Trova y algo más...

sábado, 8 de agosto de 2009

No hay dolor que no duela...

Esa es una historia que puede sucederle a cualquiera, pero más a los que aparecemos en el directorio telefónico, porque los que tienen mucha lana no hacen públicos ni su número ni su dirección: ¡Simples!
Digamos que usted, álgido lector, es fanático de Medias Rojas de Boston, y que ayer vio el juego contra los Yankees, acompañado del compadre que nunca se raja, para que el regional pasatiempo de tomar cheve viendo el beisbol no le resultara tan solitario.
Sería en la parte baja del quinto episodio cuando empezó a sentir que su brazo derecho se le adormilaba y que de repente sintió un agudo dolor en el pecho.

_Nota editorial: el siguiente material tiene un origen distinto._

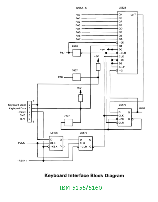 The 5155 motherboard does not have a keyboard controller chip. Instead, it uses discrete components - see here. |
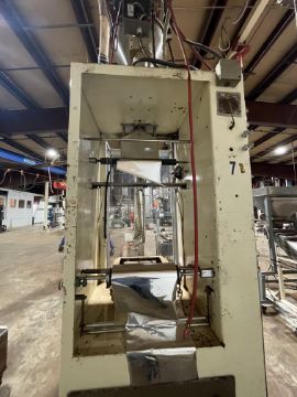 GENERAL 2-4 LB BAG VERTICAL FORM FILL SEAL (VFFS) FILLER WITH AMS SINGLE AUGER FILLER, PREVIOUSLY FILLING 2 LB BAGS AT 20 BPM, 4 LB BAGS AT 12 BPM, 13" AND 14" FILM, ROACH OUTFEED INCLINE CONVEYOR APPROX. DIMS: 86" L X 12" W X 32" H, EXTRA FORMING TUBE INCLUDED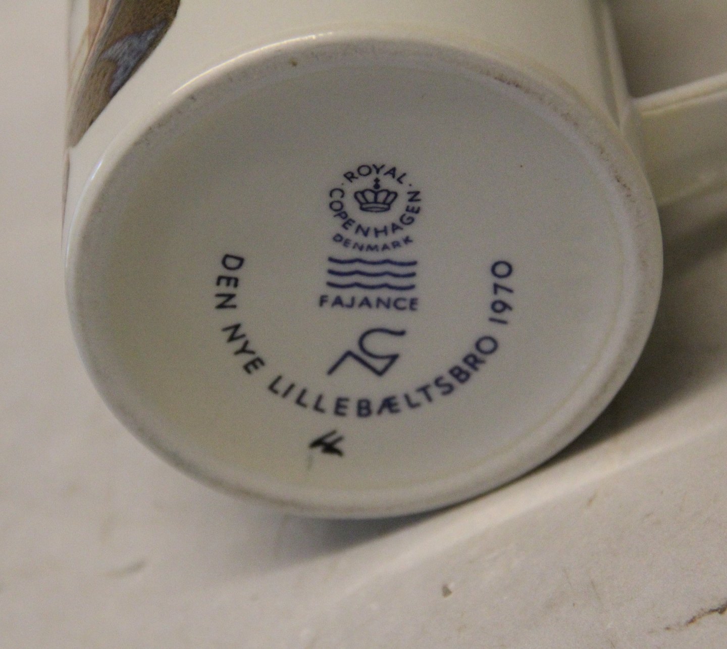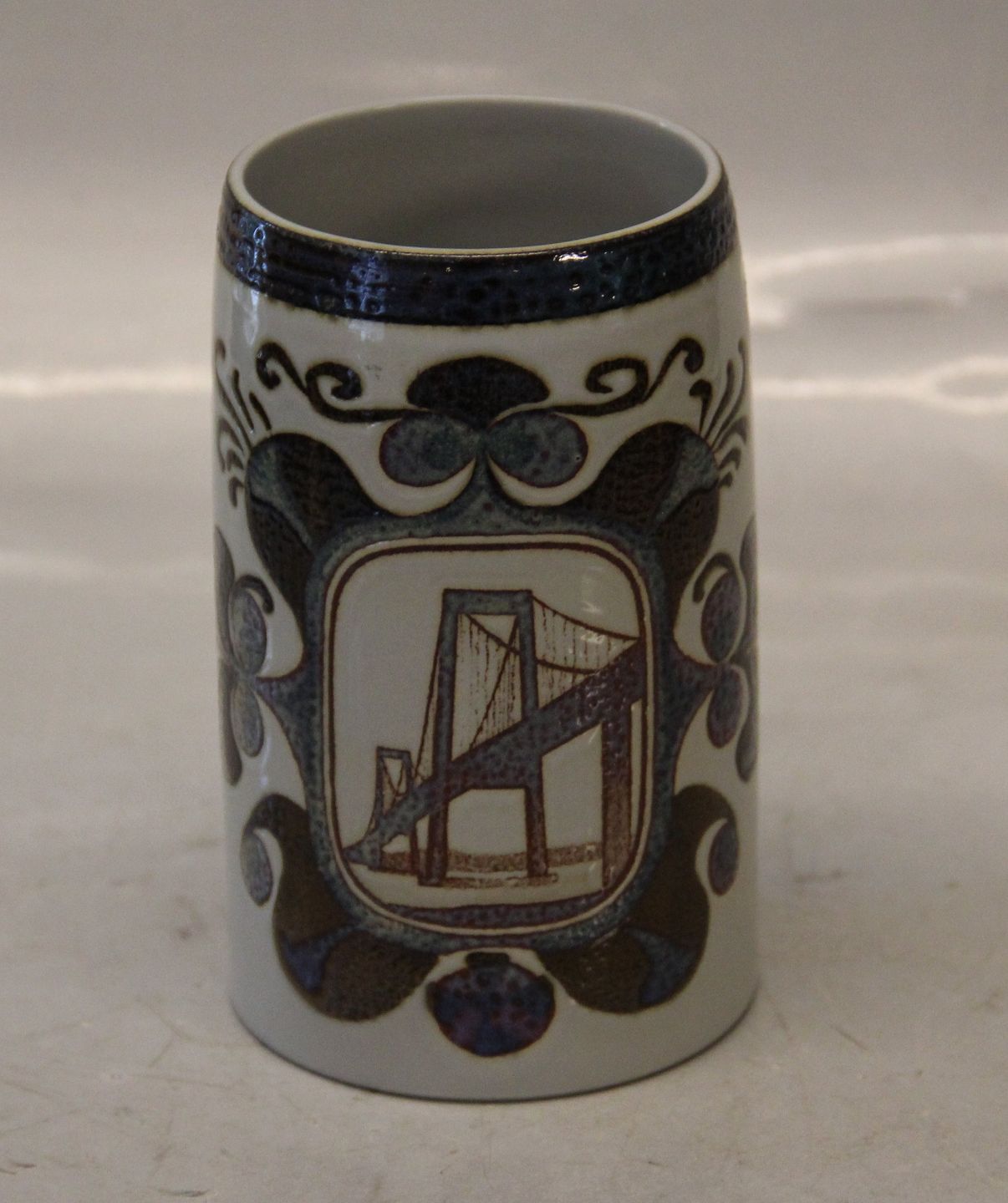 Fajance krus Den Nye Lillebæltsbro 1870 13.5 cm Royal Copenhagen Aluminia fajance

Seguro que usted le achacó el padecimiento a la fatigosa tarea de empinarse el vaso de cerveza durante los largos episodios del partido.
Pero he aquí que durante toda la noche el dolor se acentuó, al grado tal de que dejó usted de pensar que era la cruda y que en verdad sí estaba enfermo.

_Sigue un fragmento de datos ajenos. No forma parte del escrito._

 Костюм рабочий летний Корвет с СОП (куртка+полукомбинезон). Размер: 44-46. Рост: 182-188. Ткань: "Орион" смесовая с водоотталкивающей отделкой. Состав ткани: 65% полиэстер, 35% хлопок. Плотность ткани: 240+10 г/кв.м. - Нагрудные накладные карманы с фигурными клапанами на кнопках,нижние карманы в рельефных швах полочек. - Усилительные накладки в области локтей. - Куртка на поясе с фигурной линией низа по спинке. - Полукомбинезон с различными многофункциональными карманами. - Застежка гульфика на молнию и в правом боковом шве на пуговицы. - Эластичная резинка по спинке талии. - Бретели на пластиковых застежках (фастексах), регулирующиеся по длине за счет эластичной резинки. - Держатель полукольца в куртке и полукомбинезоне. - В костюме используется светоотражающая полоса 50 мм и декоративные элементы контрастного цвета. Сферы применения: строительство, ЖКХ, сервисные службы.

Al filo de las doce de la noche, sin aguantar más, se arrancó al Hospital Chávez, y después de esperar más de dos horas frente a la ventanilla de urgencias, le toca que lo atienda un médico con aspecto del Schrek, quien después de las preguntas de rigor (A ver, mi estimado, ¿dónde le duele? ¿cómo le duele? ¿a qué le atribuye el dolor?) concluye que es usted "cardiópata" (es decir: con patas en forma de cardo... ¡No!, perdón: que padece del corazón), y le recomendó que no se estresara (¡en pleno periodo postelectoral!), que no comiera grasa (¡en plena época vacacional!) y que le fuera bajando al consumo del alcohol (¡como si no se necesitara echarse unos tragos para dejar pasar los días)...
En otras palabras: le leyeron la cartilla de la salud de a fuerzas para que no se dé de alta en el otro barrio.

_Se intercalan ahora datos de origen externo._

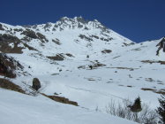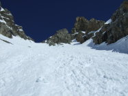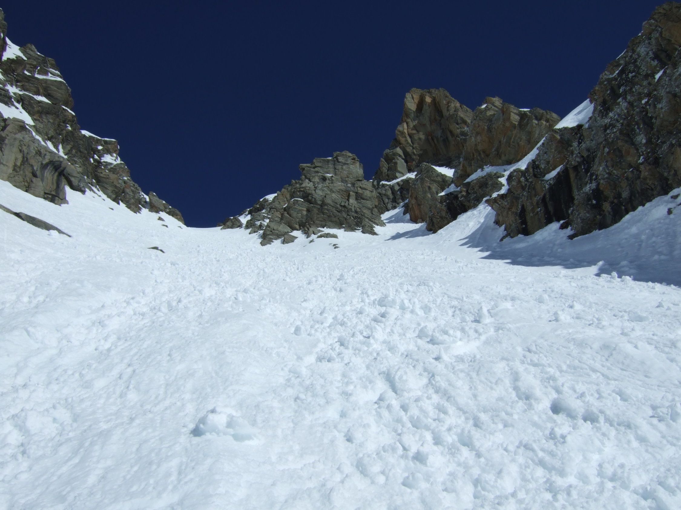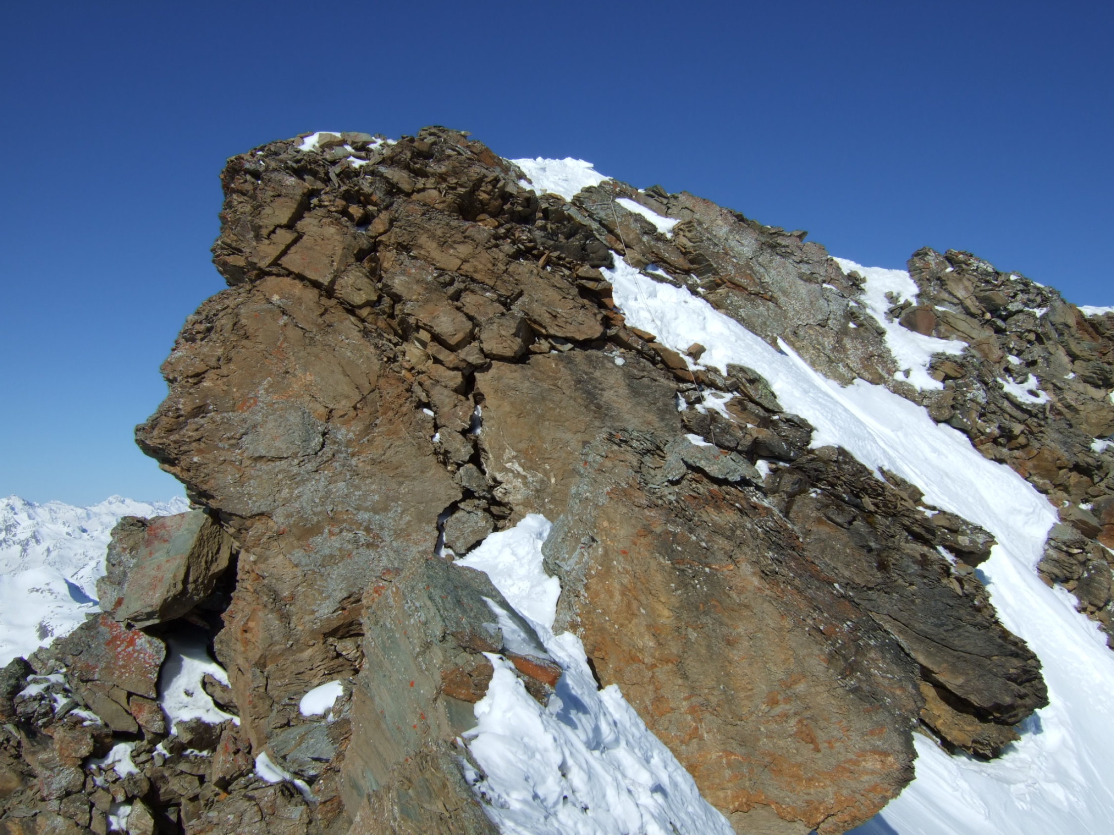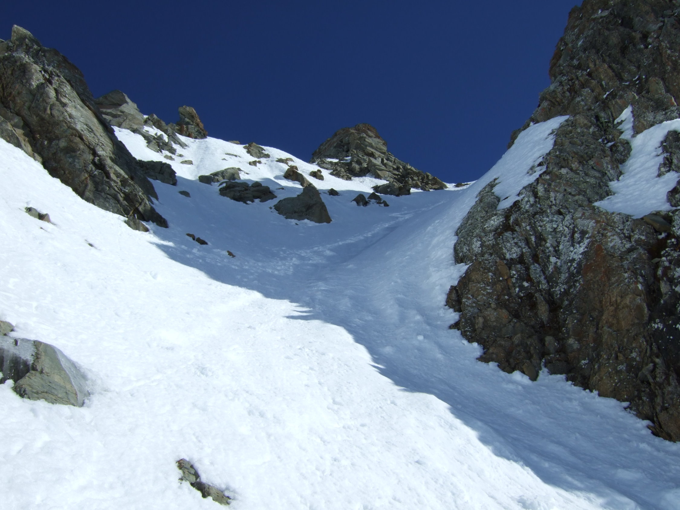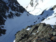 Skidepot beim Einstieg in die Rinne. Gestern wurde durch die linke Rinne bis auf den Grat mit Ski aufgestiegen. Zu Fuß bester Trittschnee ganz hoch. Auch Felsgrat zum Hauptgipfel ging sehr gut. Fixseil im Aufstieg zum Gipfel vorhanden.

Ahora imaginemos que cualquier día como a las dos y media —que es la hora que usted acostumbra salir de la oficina, aunque en su contrato esté bien claro que sale a las tres de la tarde— se percata de que su vehículo no está estacionado donde lo dejó como a las nueve —aunque en el mismo contrato diga que usted entra a las ocho de la mañana—...
Lo primero que usted piensa, como pensó (es un decir) la Cecy: "¡Ya me robaron el carro!".
Bueno, siendo usted cardiópata, lo más probable es que ahí mismo le pegue un infarto de esos masivos que le dejan a uno el corazón como aldea de Afganistán después del bombardeo asesino de los hijos de Bush.
Casi puedo verlo ahí tirado, sobre la banqueta, con las patitas en un incontrolable estertor, como si estuviera bailando el Pávido-Návido, diciéndole adiós a toda la imaginaria parentela y haciendo un repaso de todas las tropelías que cometió en su sindicalizada y particular vida.
Lo bueno del asunto es que en realidad no le habían robado el carro.
Lo malo de esto es que nadie le avisó a usted que "solamente" se lo había secuestrado una grúa municipal.
Y bueno, ya que aterrizamos en el tema, sólo quedan dos preguntas dos que hacer:
Una: ¿Está obligada la autoridad municipal a avisarle al dueño del vehículo que su auto ha sido diligentemente arrastrado hacia el corralón?;
Dos: ¿Quién responde por su muerte: Usted mismo, el H. Ayuntamiento o el troglodita que maneja la grúa? (recordemos que nadie le avisó que el municipio le secuestró su auto)...
A'i le dejo esas preguntas de tarea (y no soy maestro barco, que conste).